Records for the exercise
================

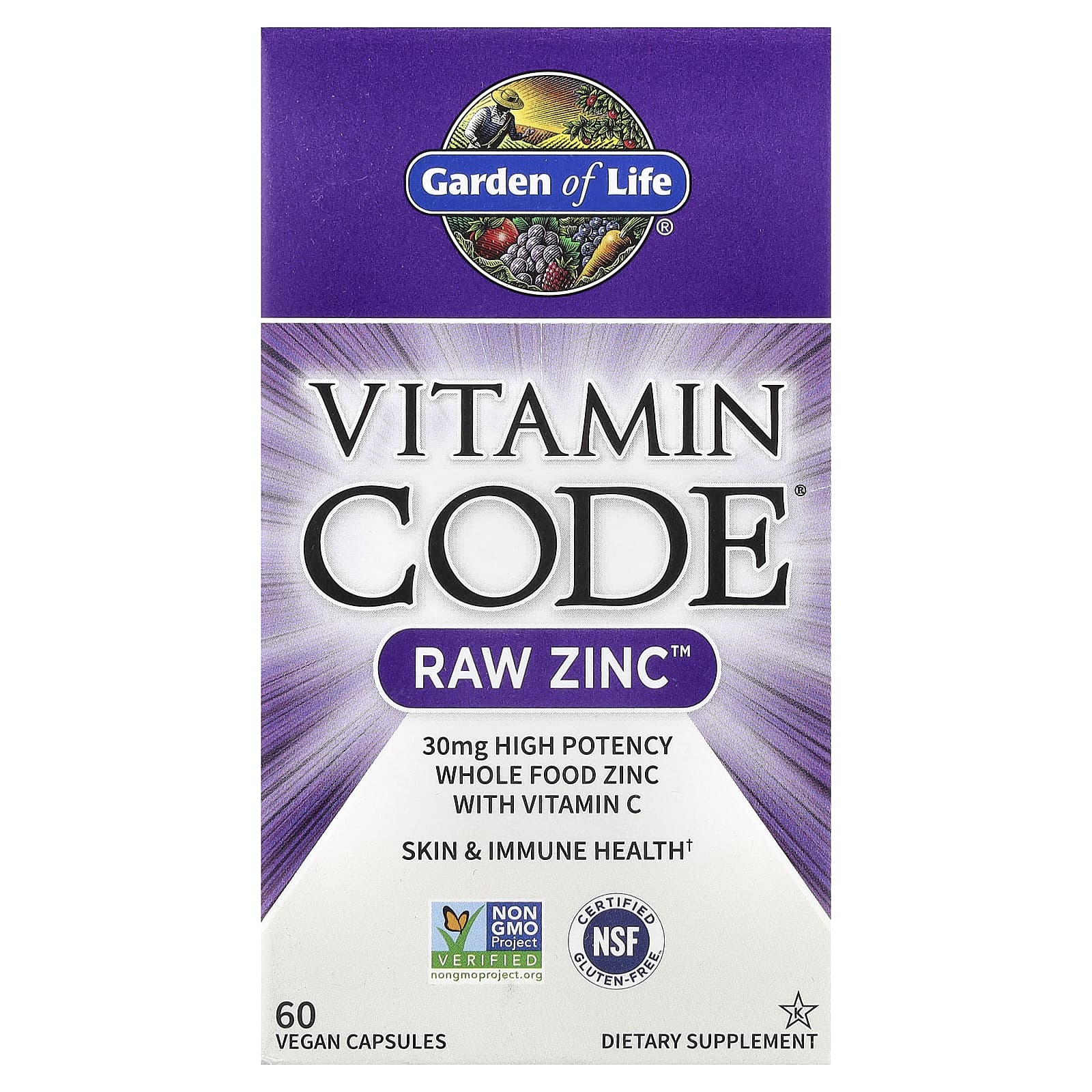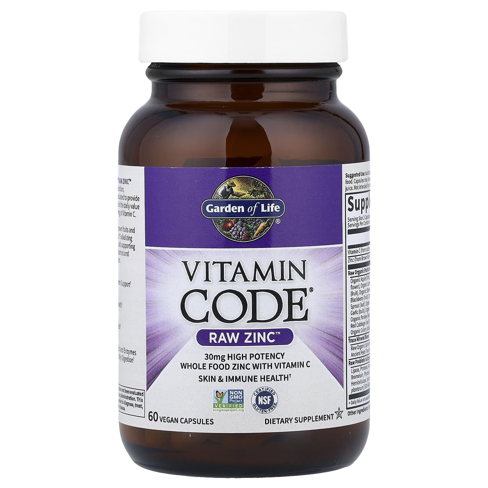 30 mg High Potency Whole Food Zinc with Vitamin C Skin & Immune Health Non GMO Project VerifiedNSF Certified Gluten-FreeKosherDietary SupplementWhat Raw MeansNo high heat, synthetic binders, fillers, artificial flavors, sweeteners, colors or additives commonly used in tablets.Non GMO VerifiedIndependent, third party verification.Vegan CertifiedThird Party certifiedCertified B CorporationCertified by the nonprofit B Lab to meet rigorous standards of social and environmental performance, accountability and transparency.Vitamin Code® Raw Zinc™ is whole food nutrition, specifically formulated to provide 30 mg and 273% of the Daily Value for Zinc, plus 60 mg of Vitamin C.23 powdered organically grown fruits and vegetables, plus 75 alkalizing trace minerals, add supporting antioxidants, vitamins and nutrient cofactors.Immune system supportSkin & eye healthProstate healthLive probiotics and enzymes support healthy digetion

================

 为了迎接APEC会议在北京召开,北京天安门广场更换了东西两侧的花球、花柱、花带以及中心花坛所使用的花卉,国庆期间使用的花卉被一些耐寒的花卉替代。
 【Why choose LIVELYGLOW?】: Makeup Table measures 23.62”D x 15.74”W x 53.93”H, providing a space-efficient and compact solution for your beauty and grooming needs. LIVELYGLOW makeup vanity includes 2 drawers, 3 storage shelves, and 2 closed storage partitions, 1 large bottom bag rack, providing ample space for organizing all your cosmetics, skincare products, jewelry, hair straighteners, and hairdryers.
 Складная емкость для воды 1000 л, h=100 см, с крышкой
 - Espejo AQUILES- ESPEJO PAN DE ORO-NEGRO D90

================

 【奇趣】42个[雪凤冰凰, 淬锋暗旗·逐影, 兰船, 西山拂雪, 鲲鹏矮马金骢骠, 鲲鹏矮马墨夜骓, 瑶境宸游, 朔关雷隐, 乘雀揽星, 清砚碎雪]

================

Find where the line with "straighteners, and hairdryers." sits in the material above, then copy exactly from it through the line with "- Espejo AQUILES- ESPEJO". Add no other line.

 【Why choose LIVELYGLOW?】: Makeup Table measures 23.62”D x 15.74”W x 53.93”H, providing a space-efficient and compact solution for your beauty and grooming needs. LIVELYGLOW makeup vanity includes 2 drawers, 3 storage shelves, and 2 closed storage partitions, 1 large bottom bag rack, providing ample space for organizing all your cosmetics, skincare products, jewelry, hair straighteners, and hairdryers.
 Складная емкость для воды 1000 л, h=100 см, с крышкой
 - Espejo AQUILES- ESPEJO PAN DE ORO-NEGRO D90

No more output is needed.